ABOUT THIS EXERCISE :: Please set out each line below exactly as it stands, without the images.

EXERCISE DATA ::
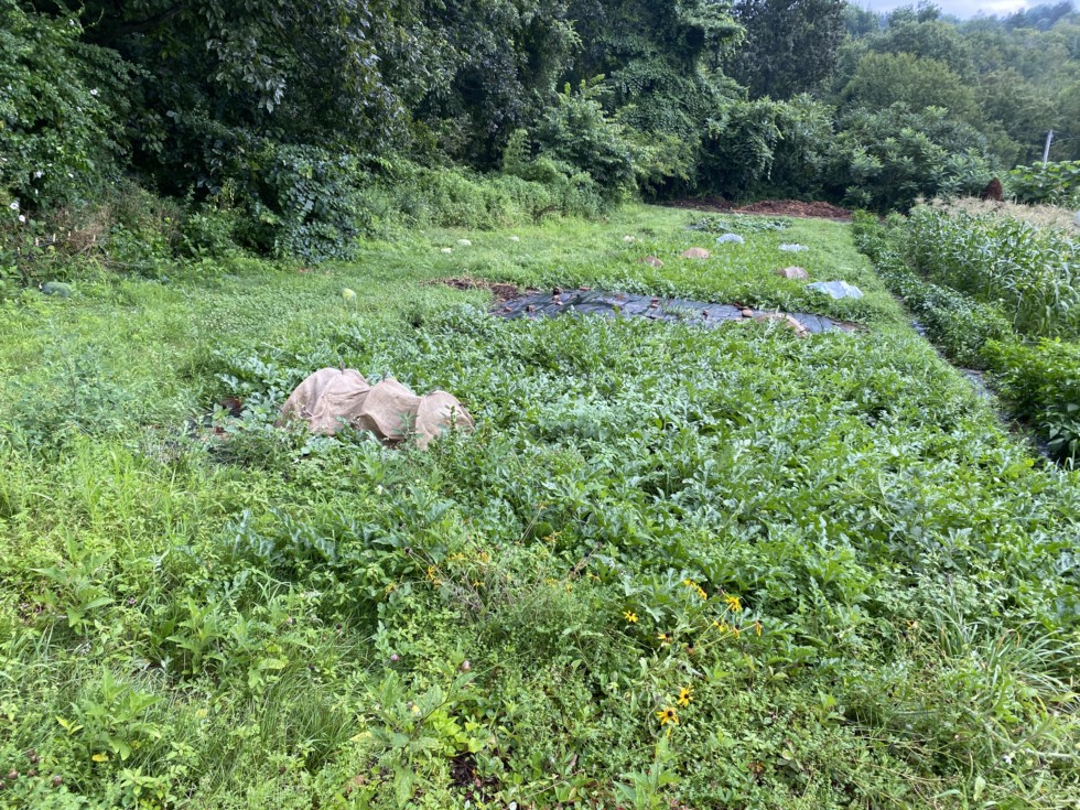 This is an overview of the entire patch. I have six Watermelon plants and one giant cantaloupe, which is dying. I had to remove one of my giant watermelon plants, which was my 232 Williams jumbo black diamond for some reason I couldn't get it to set fruit and keep them.
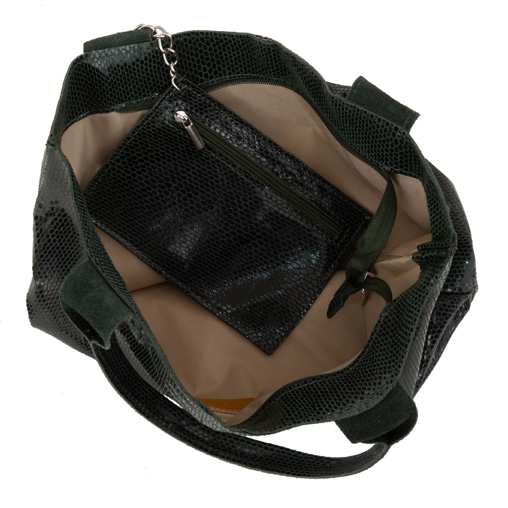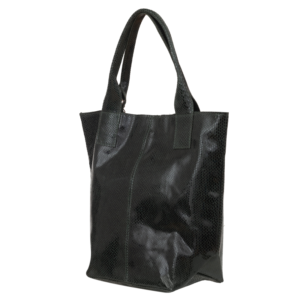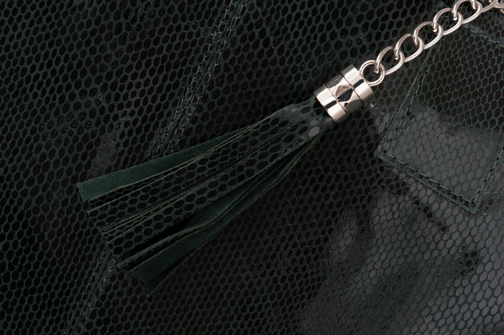 VERA PELLE Włoska skórzana torebka / worek wykonana z miękkiej, lejącej, wysokogatunkowej naturalnej lakierowanej skóry o fakturze ŁUSKI. Bardzo oryginalny i praktyczny model. Zamykana z góry na magnes. W środku duża komora wykończona surową skóra naturalną. W środku saszetka zamykana na suwak. Elementy wykończenia w kolorze srebrnym. Modny pęk frędzli z przodu torebki.
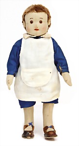 Puppe, Filzfigur, mit Knopf im Ohr, eingesetztes Mohair, 33 cm, Schürze mit Flickstelle, Filzgesicht in gutem Zust.

TASK RESPONSE ::
 This is an overview of the entire patch. I have six Watermelon plants and one giant cantaloupe, which is dying. I had to remove one of my giant watermelon plants, which was my 232 Williams jumbo black diamond for some reason I couldn't get it to set fruit and keep them.
 VERA PELLE Włoska skórzana torebka / worek wykonana z miękkiej, lejącej, wysokogatunkowej naturalnej lakierowanej skóry o fakturze ŁUSKI. Bardzo oryginalny i praktyczny model. Zamykana z góry na magnes. W środku duża komora wykończona surową skóra naturalną. W środku saszetka zamykana na suwak. Elementy wykończenia w kolorze srebrnym. Modny pęk frędzli z przodu torebki.
 Puppe, Filzfigur, mit Knopf im Ohr, eingesetztes Mohair, 33 cm, Schürze mit Flickstelle, Filzgesicht in gutem Zust.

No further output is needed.